Home  Resources  References  Tubes  Forums  Links  Support 
Date Codes
2/21/2006 12:29:48 PMBill Orr
Does anyone know whether early vacuum tubes, say early 1930s and newer, had date codes on the base? Some tubes I have purchased seem to have dates but that might be a lot code or something. I know that the modern method for components is to code them with 4 digits representing the week and year. One tube I bought recently was a JAN component so it had the date on the box. Tough to remember what was happening 50 or more years ago.

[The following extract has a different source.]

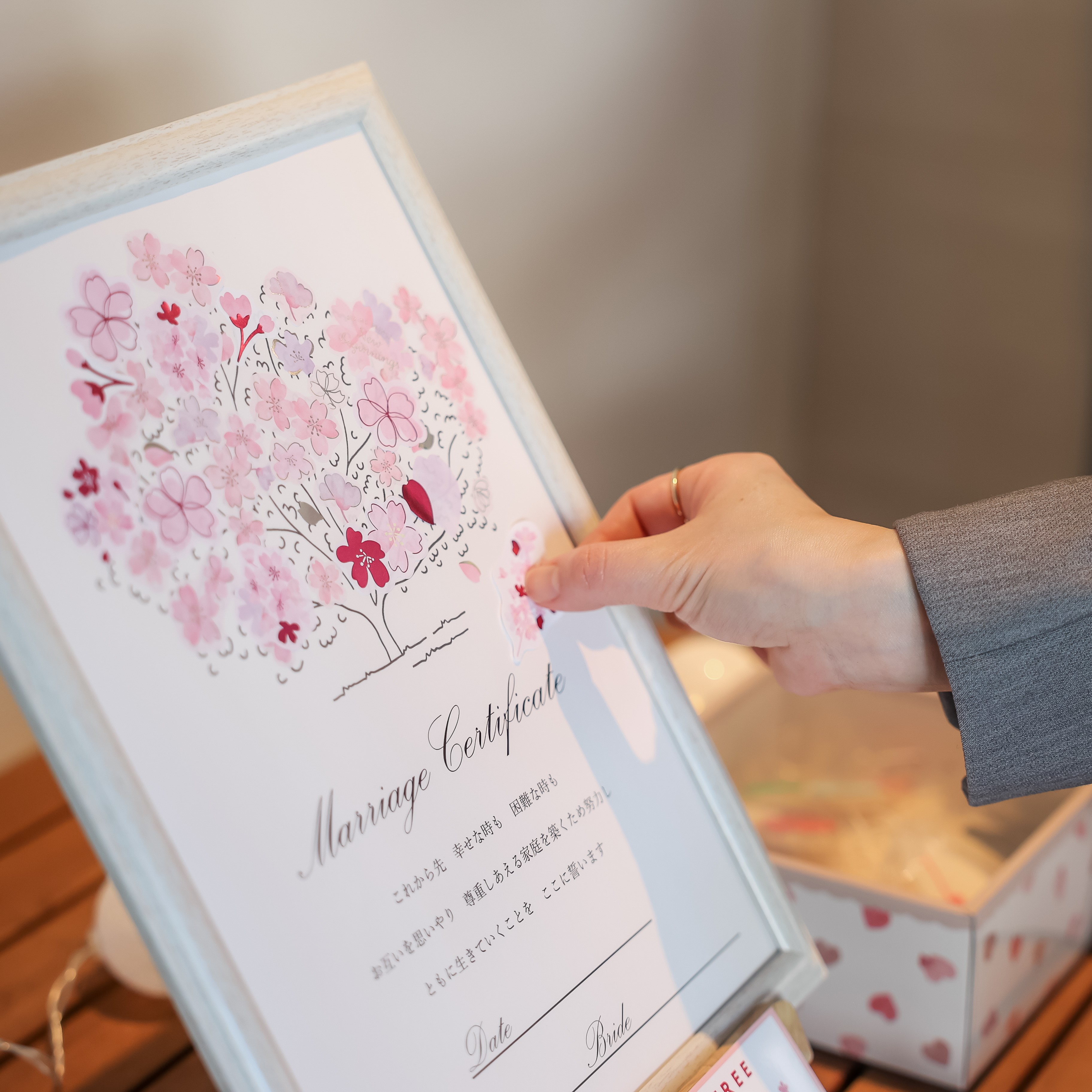 結婚証明書は、ゲストの皆様の手が加わった物を作成したかったので、ゲストの皆様で木を桜の花で満開にしていただくように説明をつけ、桜の花満開で結婚証明書を作成することができたと思います。

2/21/2006 4:50:53 PMRich, W3HWJ
JAN tubes usually had the contract number, the production or test date and the manufacturer name printed on the boxes. Commercial tubes used a variety of obvious or covert codes. At Westinghouse, we used an alphabetic code. The first letter was the year, then the next letter was the week of manufacture. Since there were 52 manufacturing weeks in the year, we re-used the letters and changed the year code. This was used on semiconductors; I don't remember if the Tube Division used the same. I think there are tube collector sites on the Internet with some of the mfrs. date code systems explained.
Rich


: Does anyone know whether early vacuum tubes, say early 1930s and newer, had date codes on the base? Some tubes I have purchased seem to have dates but that might be a lot code or something. I know that the modern method for components is to code them with 4 digits representing the week and year. One tube I bought recently was a JAN component so it had the date on the box. Tough to remember what was happening 50 or more years ago.